Population welfare should not be reduced to jargon. It needs to be adopted as a policy tool to ensure the well-being of every individual, especially vulnerable groups such as women and children. Health services must extend to those millions of families whose children are malnourished and out of school. It will have to be directed towards millions of women who undergo unwanted pregnancies and complications during childbirth.
The federal and provincial governments must both invest in structural reforms and enhance fiscal space to expand access to family planning services to improve the shameful state of women’s health.
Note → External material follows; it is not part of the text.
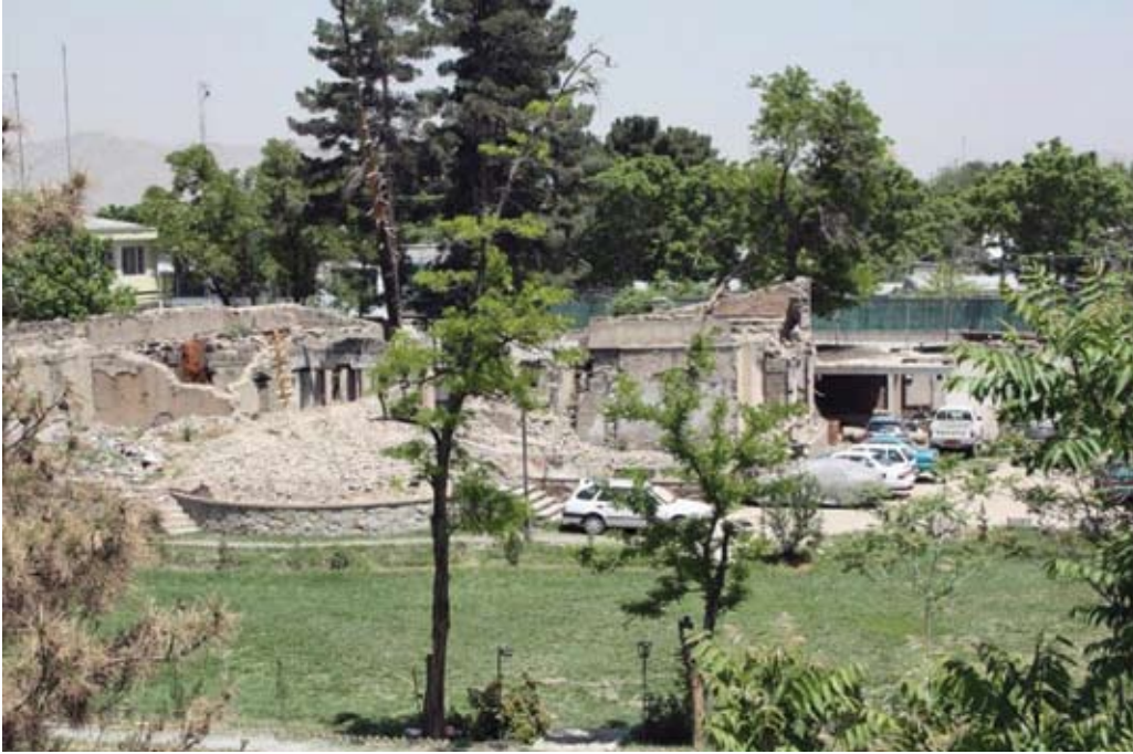
Ruins of CARE compound, Kabul, Afghanistan

for an NGO's security, commented that long-term residents can become complacent: 'It's a bit of a bell curve. The most inexperienced people are the ones who say "God will save me". And then there are the ones who have been here so long that they think they are invincible – myself included. I am on one side of the bell curve. I feel too complacent and confident'. Crucially, individual assessments of risks and their acceptability relative to the importance or 'criticality' of the mission or operation are heavily influenced by the (often poor) quality of knowledge and information about the risk environment. No calculated decision about acceptable risk exposure can ever be made if the individual or agency concerned has little or no understanding or information about the risks that they face in a given situation.

The Population Fund mandated by the Council of Common Interests in 2018, which was aimed at financing greater family planning coverage, has not been operationalised. The Fund should be expeditiously utilised to meet the unmet demand for family planning services by incentivising provincial health programmes and private-sector providers for providing easily accessible and efficient reproductive health services.
While donors can support government efforts, by demonstrating innovative solutions, they are unable to singlehandedly finance impactful large-scale programmes. Therefore, governments must take the lead in implementing schemes that are designed to sustain the innovations beyond donor support.
Finally, interventions aimed at reducing population growth can only be successful if the government leadership at the highest level monitors them. The prime minister’s strategic roadmap, which deals with pertinent policy matters such as the economy and energy, must also give due importance to reducing fertility rates.
Pakistan has been commended for handling the Covid-19 pandemic well and almost eliminating polio when responsibility was shared between the federal and provincial governments.
The same approach should be used to meet the fundamental rights of our 240 million-plus citizens to basic reproductive health information and services. This government and the next have a golden opportunity to right this wrong. The test of leadership lies in whether they will take up the challenge.
The writer is Country Director, Population Council.